Where Global Warming Meets Anti-Capitalism
by DiscoverTheNetworks.org
Global warming alarmist Jeremy Rifkin calls for the transformation of free-market capitalism into "distributed capitalism."
Jeremy Rifkin was born in Denver, Colorado in January 1945, and was raised in southwest Chicago. He holds an economics degree from the Wharton School of Business, and a degree in international affairs from the Fletcher School of Law and Diplomacy.
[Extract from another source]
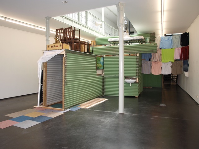 Les Environnements, variantes de l’installation au sein desquels le public peut déambuler au lieu de simplement tourner autour, sont rares. The west indian front room de Michaël McMillan (Saint – Vincent, 1962) et School at Pelgrim village de Marcel Pinas sont des reconstitutions d’intérieurs traditionnels, d’un salon typique des années soixante – dix d’émigrés caribéens à Londres pour le premier, d’une salle de classe de Pelgrimkondre au Surinam, pour le second. L’un et l’autre plaident en faveur la préservation d’une culture menacée.
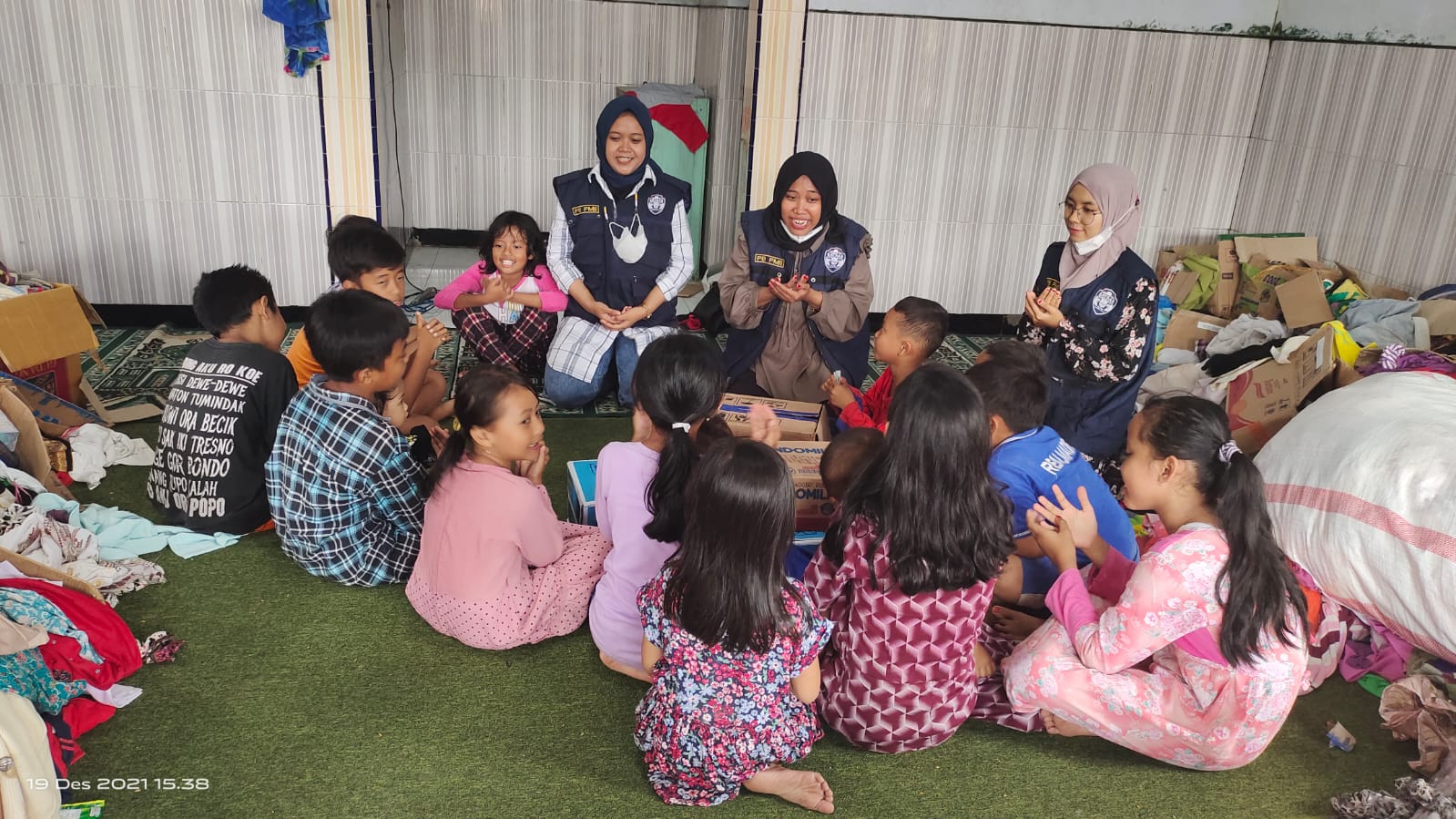 Direktur Tagana, Sahabat Adlin Panjaitan menyampaikan bentuk upaya meningkatkan dalam mengembalikan semangat anak anak yang terdampak erupsi.

During the 1960s and 1970s, Rifkin was active in the peace movement. He helped organize the massive 1967 March on the Pentagon, and two years later he co-founded the Citizens Commission, a group devoted to publicizing alleged U.S. war crimes in Vietnam. In 1970 Rifkin established the People's Bicentennial Commission (PBC), a New Left organization that preached hostility to corporations and called for a second American Revolution, this one based on leftist principles. In 1973, on the 200th anniversary of the Boston Tea Party, Rifkin and PBC staged a so-called Boston Oil Party, a huge demonstration whose purpose was, as Rifkin put it, “to promote radical change” by condemning big oil companies and their profits.
In the late 1970s, Rifkin, with no formal training in the physical sciences, began speaking out against the fledgling biotechnology industry, which he viewed as a manifestation of mankind's ill-advised impulse to interfere with the workings of the natural world. Noting Rifkin's “skillfully manipulated legal and bureaucratic procedures to slow the pace of biotechnology,” National Journal named him one of the 150 most influential people in shaping federal government policy.
As the seventies progressed, Rifkin continued to burnish his credentials as the intellectual guru of neo-Luddism, the belief that modern technology has a destructive impact on mankind's quality of life and on the environment. To promote this worldview, Rifkin in 1977 established the Foundation on Economic Trends.
Since 2002, Rifkin has served as an advisor to the European Union.